Despite wider regional difficulties, Malaysia topped Southeast Asia’s IPO activity in the first half of the year, according to Deloitte data.

The firm’s recent report highlighted that Malaysia saw a roughly 48% year-on-year rise in the number of listings to 32, while the total IPO funds raised surged by about 109% to $940 million. Additionally, the overall IPO market capitalisation grew by approximately 165%, reaching $4.04 billion.

“The IPO outlook in Malaysia remains optimistic for the remainder of 2025, with 32 listings recorded as of 30 June 2025, putting Bursa Malaysia on track toward its full year target of 60 listings,” according to Deloitte Malaysia Transactions Accounting Support Partner Wong Kar Choon.

However, he pointed out that recent US trade tariffs and geopolitical tensions have created uncertainty, which could affect the IPO market.

He believes this environment may prompt investors to become more cautious, leading them to prefer safer, less risky assets during this uncertain time.

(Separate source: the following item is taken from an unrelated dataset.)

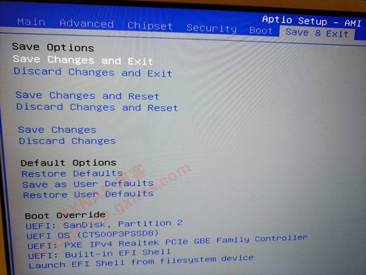 4、进入"Save & Exit",选择“Save Changes and Exit”,回车;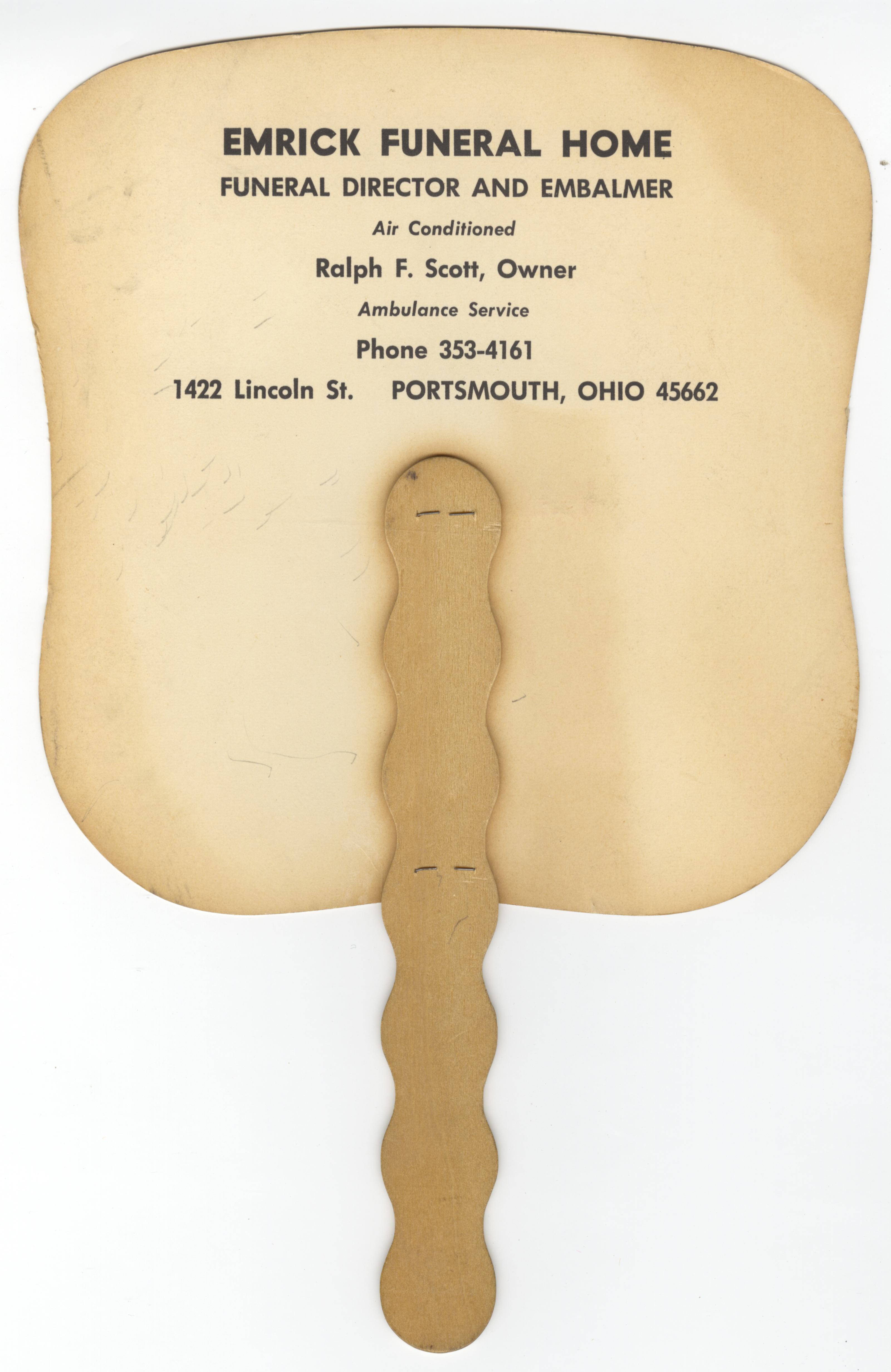 A. Scheer , “Emrick Funeral Home Fan,” Scioto County Public Library Local History Digital Collection, accessed December 15, 2025, https://sciotolibrary.org/history/items/show/25051.

Furthermore, he also suggested that companies, particularly export-driven ones facing supply chain disruptions and rising costs, might postpone their IPO plans, Xinhua news agency reports.

Meanwhile, he expects the consumer industry, with its strong and established brands, to remain a key pillar of Malaysia’s economy and to capitalise on IPO opportunities thanks to their solid market presence.

Overall, Southeast Asia’s IPO capital market showed resilience in the first half of 2025, with 53 IPOs raising over $1.4 billion in proceeds and reaching a market capitalisation of $7.7 billion.

This compares to the first half of 2024, which recorded 67 IPOs, just under $1.4 billion in proceeds, and a market capitalisation of $5.8 billion.

This reflects a 3% rise in IPO proceeds and a 33% growth in IPO market capitalisation, even though the number of IPOs across Southeast Asia dropped by 21% compared to the first half of 2024.